- _WORK REQUEST_: Without including any pictures, copy every line below exactly.

SUPPLIED DATA START

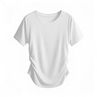 圆领短款 小田tia专享 不规则收腰 T恤 弹力短袖由
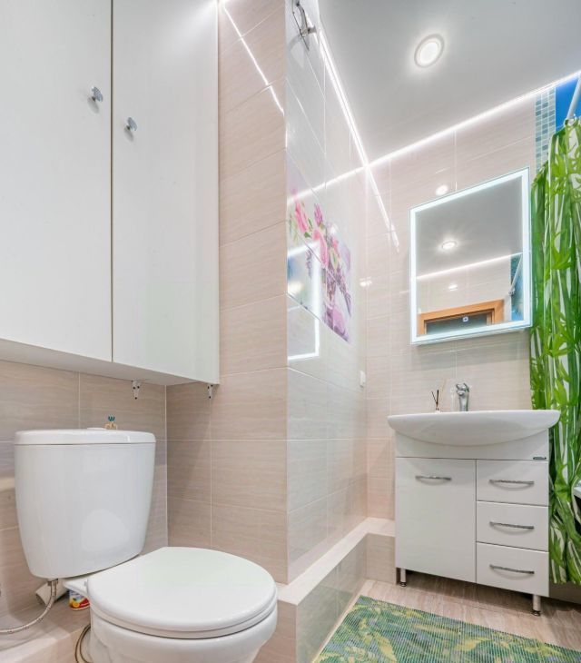 Квартира не перегружена громоздкой мебелью и массивными конструкциями, все выполнено в светлых тонах, поэтому даже на небольшой площади ощущается простор и уют. При этом есть все необходимое и даже больше.
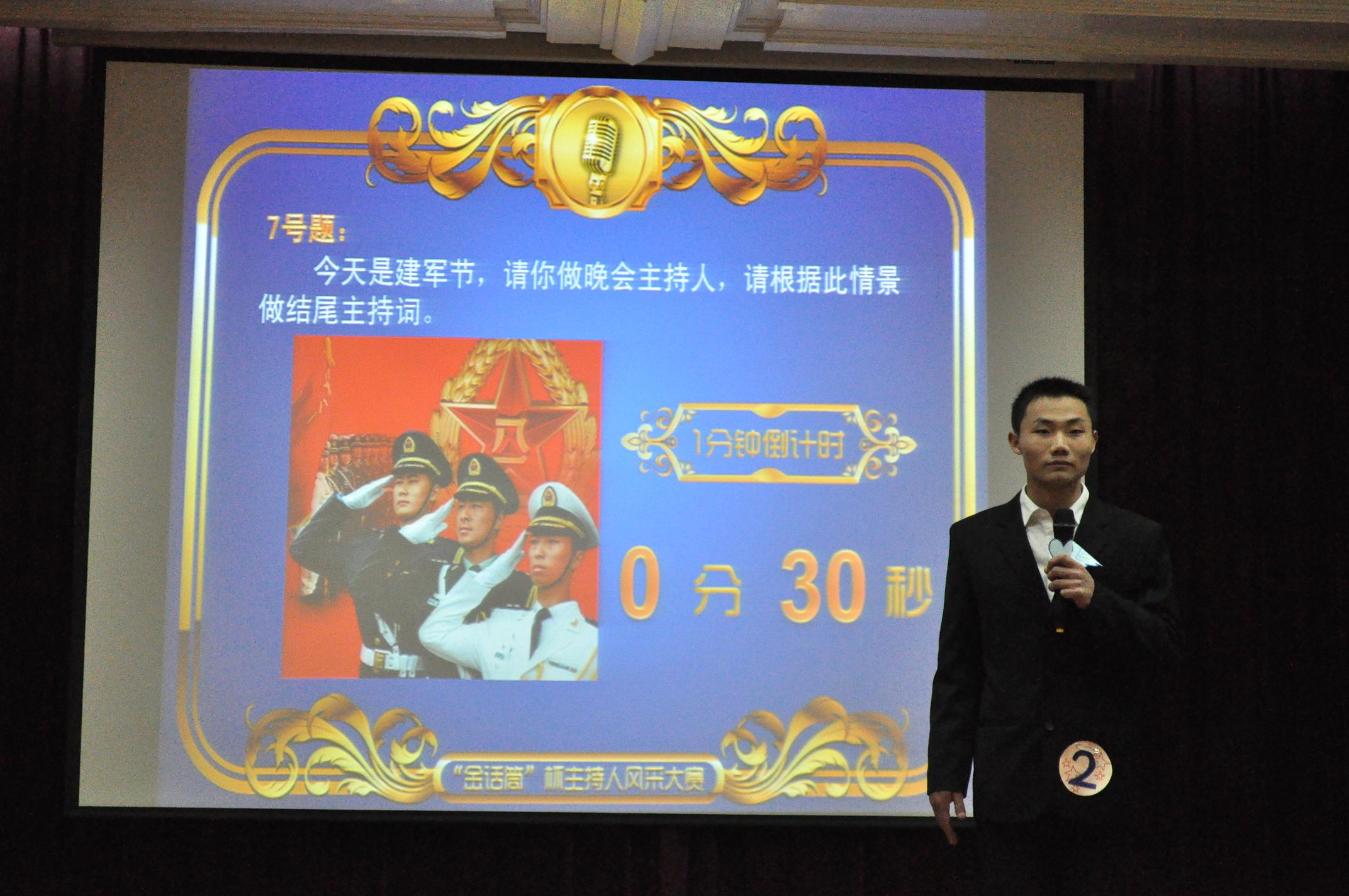 本次大赛共分三个环节,在“风采飞扬”环节中,进入决赛的10名选手闪亮登场,各秀才艺,给现场的评委和观众留下了深刻而独特的第一印象。第二环节“强强联合”,主持人必备的团队精神被选手们表现的淋漓尽致,他们用各自的风格重新诠释了“智勇大闯关”、“快乐女声”、“快乐大本营”、“春晚”、“越淘越开心”等大家所熟悉的节目。最后的“随机应变”环节,旨在考验选手们的临场应变能力,难度不断升级,选手们的表现也越发出众,比赛达到白热化。

SUPPLIED DATA END

- _EXPECTED ANSWER_:
 圆领短款 小田tia专享 不规则收腰 T恤 弹力短袖由
 Квартира не перегружена громоздкой мебелью и массивными конструкциями, все выполнено в светлых тонах, поэтому даже на небольшой площади ощущается простор и уют. При этом есть все необходимое и даже больше.
 本次大赛共分三个环节,在“风采飞扬”环节中,进入决赛的10名选手闪亮登场,各秀才艺,给现场的评委和观众留下了深刻而独特的第一印象。第二环节“强强联合”,主持人必备的团队精神被选手们表现的淋漓尽致,他们用各自的风格重新诠释了“智勇大闯关”、“快乐女声”、“快乐大本营”、“春晚”、“越淘越开心”等大家所熟悉的节目。最后的“随机应变”环节,旨在考验选手们的临场应变能力,难度不断升级,选手们的表现也越发出众,比赛达到白热化。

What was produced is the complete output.